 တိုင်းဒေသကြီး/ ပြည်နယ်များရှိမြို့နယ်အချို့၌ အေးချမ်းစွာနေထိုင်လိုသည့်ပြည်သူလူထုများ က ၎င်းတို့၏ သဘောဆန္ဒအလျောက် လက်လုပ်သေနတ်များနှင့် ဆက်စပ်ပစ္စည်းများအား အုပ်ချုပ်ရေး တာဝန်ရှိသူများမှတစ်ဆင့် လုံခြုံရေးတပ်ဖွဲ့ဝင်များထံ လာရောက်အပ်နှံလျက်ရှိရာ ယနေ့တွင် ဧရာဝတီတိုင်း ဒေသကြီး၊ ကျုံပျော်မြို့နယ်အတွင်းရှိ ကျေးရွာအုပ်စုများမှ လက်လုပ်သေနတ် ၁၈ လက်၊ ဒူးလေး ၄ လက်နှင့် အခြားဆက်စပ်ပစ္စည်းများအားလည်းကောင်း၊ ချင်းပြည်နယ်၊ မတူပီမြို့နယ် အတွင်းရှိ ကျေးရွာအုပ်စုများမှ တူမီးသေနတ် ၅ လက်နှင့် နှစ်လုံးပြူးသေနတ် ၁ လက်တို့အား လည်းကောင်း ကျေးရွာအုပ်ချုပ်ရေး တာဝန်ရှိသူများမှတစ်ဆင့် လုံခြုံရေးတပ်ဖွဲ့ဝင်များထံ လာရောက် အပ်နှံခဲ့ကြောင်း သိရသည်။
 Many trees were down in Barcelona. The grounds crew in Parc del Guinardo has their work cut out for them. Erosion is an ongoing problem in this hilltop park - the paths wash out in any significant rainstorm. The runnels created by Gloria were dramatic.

--------------------

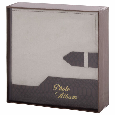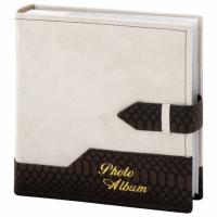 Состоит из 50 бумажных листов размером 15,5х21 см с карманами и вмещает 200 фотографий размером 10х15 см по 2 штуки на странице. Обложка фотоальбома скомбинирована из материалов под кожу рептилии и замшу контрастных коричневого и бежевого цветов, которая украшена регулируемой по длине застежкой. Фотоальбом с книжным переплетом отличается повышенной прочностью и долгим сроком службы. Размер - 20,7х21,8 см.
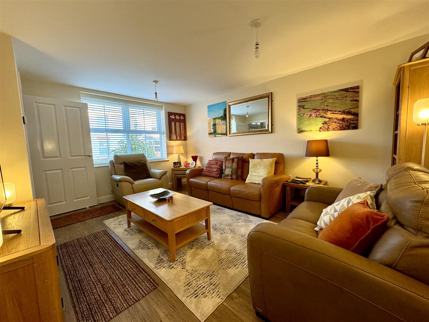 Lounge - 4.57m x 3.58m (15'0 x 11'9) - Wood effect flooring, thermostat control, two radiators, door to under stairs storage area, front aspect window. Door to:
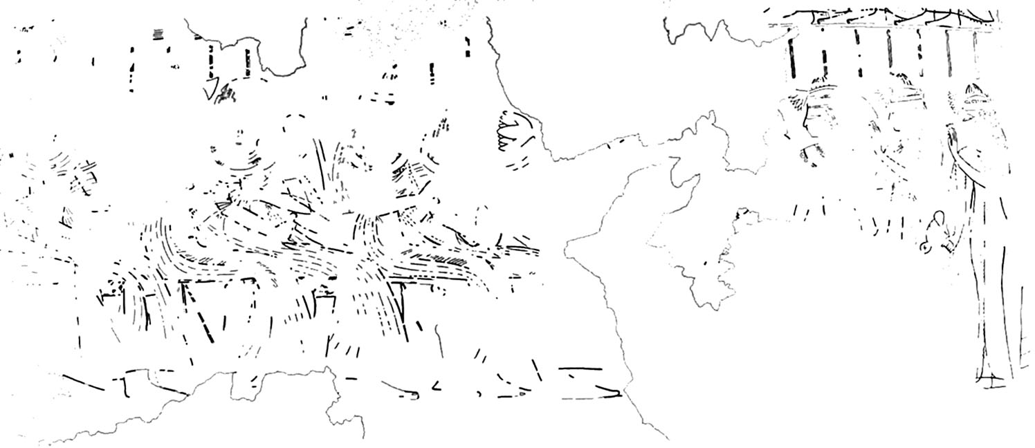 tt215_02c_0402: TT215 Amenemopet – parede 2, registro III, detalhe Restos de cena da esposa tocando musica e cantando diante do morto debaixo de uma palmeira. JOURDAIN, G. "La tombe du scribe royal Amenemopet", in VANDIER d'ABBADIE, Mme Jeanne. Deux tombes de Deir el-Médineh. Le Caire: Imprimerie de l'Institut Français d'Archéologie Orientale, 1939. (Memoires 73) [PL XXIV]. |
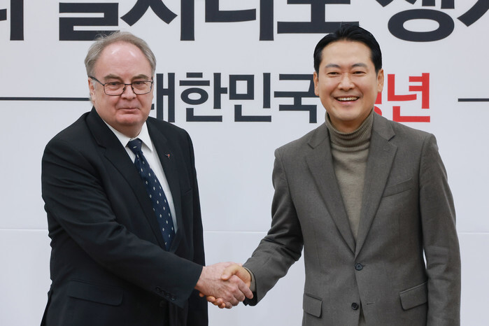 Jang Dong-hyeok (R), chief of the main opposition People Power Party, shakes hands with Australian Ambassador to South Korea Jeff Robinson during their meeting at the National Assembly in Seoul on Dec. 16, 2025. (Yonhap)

--------------------

** EXERCISE **
Return exactly the lines above, from the one with "tt215_02c_0402: TT215 Amenemopet" up to and including the one with "Jang Dong-hyeok (R), chief", and include no pictures.

** SOLUTION **
 tt215_02c_0402: TT215 Amenemopet – parede 2, registro III, detalhe Restos de cena da esposa tocando musica e cantando diante do morto debaixo de uma palmeira. JOURDAIN, G. "La tombe du scribe royal Amenemopet", in VANDIER d'ABBADIE, Mme Jeanne. Deux tombes de Deir el-Médineh. Le Caire: Imprimerie de l'Institut Français d'Archéologie Orientale, 1939. (Memoires 73) [PL XXIV]. |
 Jang Dong-hyeok (R), chief of the main opposition People Power Party, shakes hands with Australian Ambassador to South Korea Jeff Robinson during their meeting at the National Assembly in Seoul on Dec. 16, 2025. (Yonhap)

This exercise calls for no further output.